| RECORDS FOR THIS EXERCISE |
*****

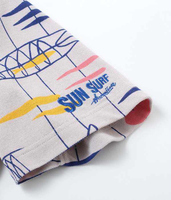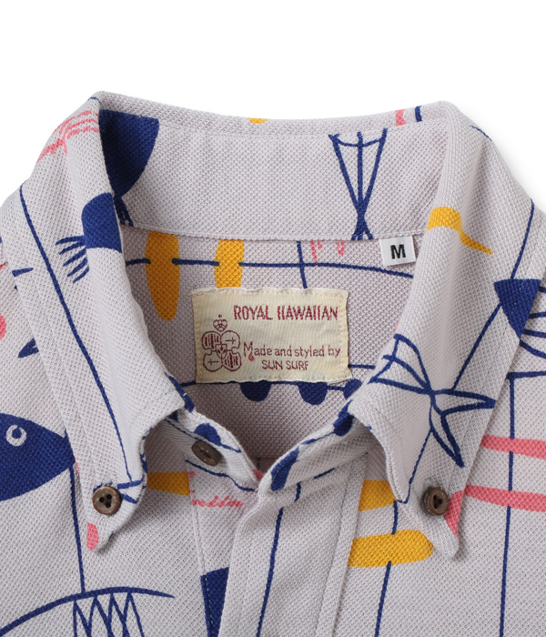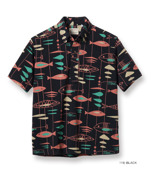 クールマックス®を使ったオリジナル鹿の子生地のハワイアンシャツ。体から汗を吸い上げ素早く蒸発させる。また生地の表面にコットン素材のみの層を作り、ヴィンテージ同様に抜染プリントで柄を染め抜くことで、クラシカルな外観と快適な着心地を両立している。
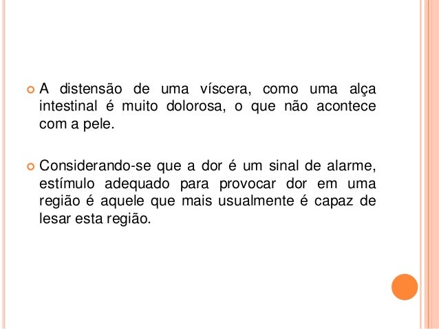 9. 9.  A distensão de uma víscera, como uma alça intestinal é muito dolorosa, o que não acontece com a pele.  Considerando-se que a dor é um sinal de alarme, estímulo adequado para provocar dor em uma região é aquele que mais usualmente é capaz de lesar esta região.
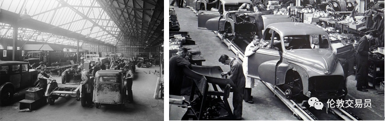 左图: 传统汽车组装工厂;右图: 福特流水线汽车组转工厂
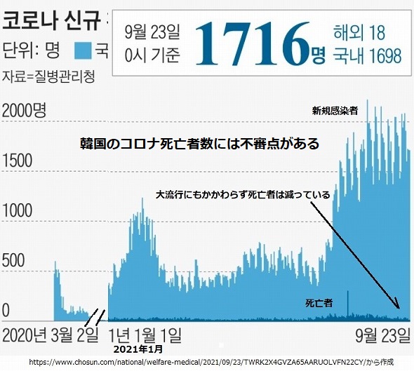 韓国のコロナ死亡者は昨年、英国BBCが報じた《新型コロナウイルスによる本当の死者数は? 各国の超過死亡を見る》でも《韓国 (2月01日 - 3月30日)韓国の死者数は平年より 5% 高く、平年より 2400 人が多く死亡した。政府発表によるCOVID-19死者数「163」、その他の超過死者数「2215」》と疑念が呈されています。
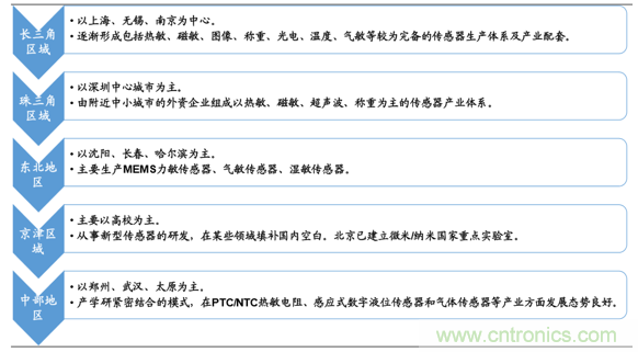 國內傳感器企業(yè)的主要布局區(qū)域
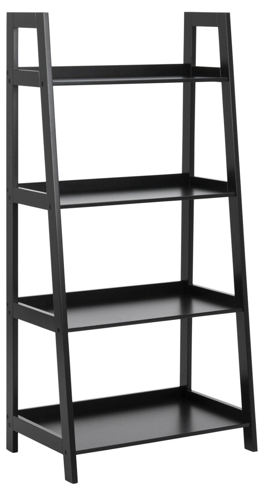 Regał Wally został zrobiony z drewna polakierowanego na czarno. Regał składa się z czterech półek, które są głębsze u dołu oraz coraz płytsze na górze. Efektowne połączenie bocznych nóg regału dodaje mu ponadczasowego wyglądu. Waga: 12 kg.

*****

| EXERCISE OBJECTIVE |
Reproduce the entire listing exactly, but omit any pictures.

| FINISHED TASK |
 クールマックス®を使ったオリジナル鹿の子生地のハワイアンシャツ。体から汗を吸い上げ素早く蒸発させる。また生地の表面にコットン素材のみの層を作り、ヴィンテージ同様に抜染プリントで柄を染め抜くことで、クラシカルな外観と快適な着心地を両立している。
 9. 9.  A distensão de uma víscera, como uma alça intestinal é muito dolorosa, o que não acontece com a pele.  Considerando-se que a dor é um sinal de alarme, estímulo adequado para provocar dor em uma região é aquele que mais usualmente é capaz de lesar esta região.
 左图: 传统汽车组装工厂;右图: 福特流水线汽车组转工厂
 韓国のコロナ死亡者は昨年、英国BBCが報じた《新型コロナウイルスによる本当の死者数は? 各国の超過死亡を見る》でも《韓国 (2月01日 - 3月30日)韓国の死者数は平年より 5% 高く、平年より 2400 人が多く死亡した。政府発表によるCOVID-19死者数「163」、その他の超過死者数「2215」》と疑念が呈されています。
 國內傳感器企業(yè)的主要布局區(qū)域
 Regał Wally został zrobiony z drewna polakierowanego na czarno. Regał składa się z czterech półek, które są głębsze u dołu oraz coraz płytsze na górze. Efektowne połączenie bocznych nóg regału dodaje mu ponadczasowego wyglądu. Waga: 12 kg.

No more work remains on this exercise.